A Gentle Introduction to Network Visualisation

How can we map a conversation on Twitter? How can we spot patterns a large corpus? Who are the main influencers on a specific topic on the web? During this talk, we’ll try to find the answers these questions (and to others) with network visualisations.

As R users, we are used to work and visualise data in a tabular way — rows and columns are our tools of choice. Yet, this kind of approach does not always fit with complex models such as networks, which are structures driven by relationship between elements. And for these special cases we need special visualisations, which come with specific conventions and specific tools.

During this talk, Colin will start with a brief reminder of what is graph theory, introduce a methodology to create your first network visualisation, and will present you some packages developed for network visualisation in R — first of all packages built on top of ggplot2, but also other packages especially designed for representing this special type of data.

Colin Fay
Data Analyst, ThinkR

Colin Fay is Data Analyst, R trainer and Social Media Expert at ThinkR, a French agency focused on everything R-related.

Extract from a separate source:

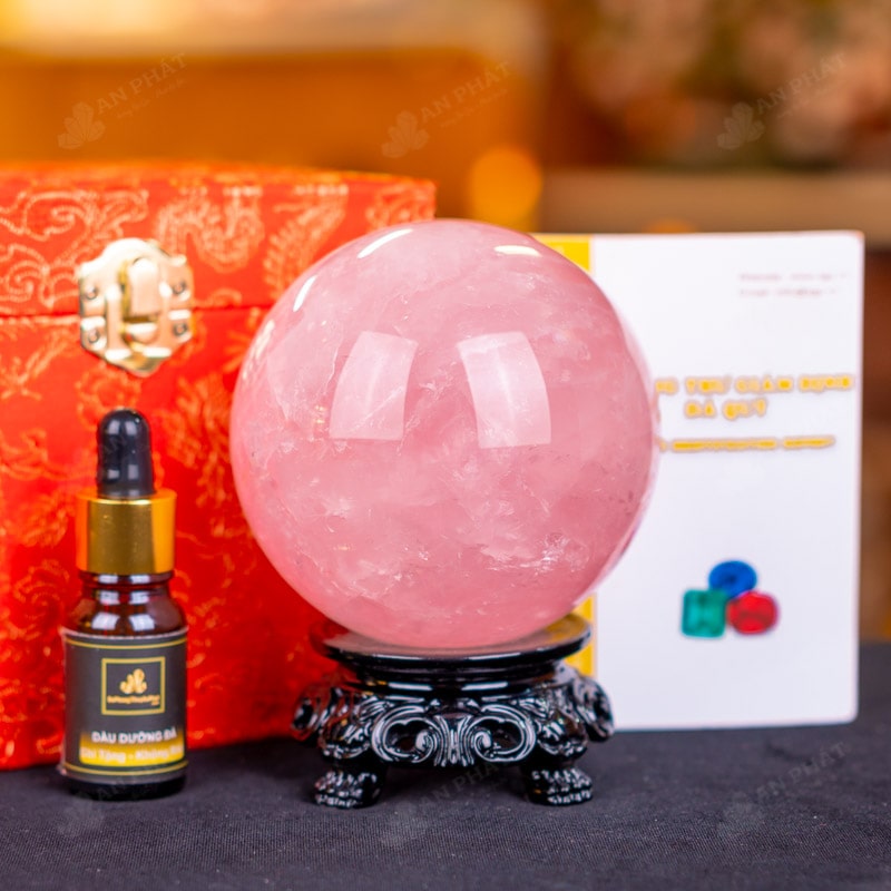 - Trọn bộ sản phẩm bao gồm: quả cầu + 01 đế gỗ + hộp đựng sang trọng + túi giấy sang trọng + dầu dưỡng đá + thiệp + giấy kiểm định chất lượng đá

His main area of expertise are (obviously) R, but also text mining, data visualisation and social media. He is a prolific open source developer, author of more than 10 R packages actively developed on GitHub (5 of them being on CRAN), contributor to several packages, creator of a bot tweeting about R in French, and an open data advocate. He is a member of the RWeekly team, a collaborative news bulletin about R, and the cofounder of the Breizh Data Club, an association of French data professionals. He is also the creator of Data-Bzh, a French collaborative website about data and Brittany.

A selection of R packages developed by Colin:
{proustr}, Tools for Natural Language Processing in French and texts from Marcel Proust’s collection “A La Recherche Du Temps Perdu”,
{rpinterest}, an R package to access the Pinterest API,
{tidystringdist}, string distance calculation the tidy way
{lexiquer}, a wrapper around Lexique3.81, a Natural Language Processing Database for French
{remedy}, an RStudio addin to facilitate R Markdown writing.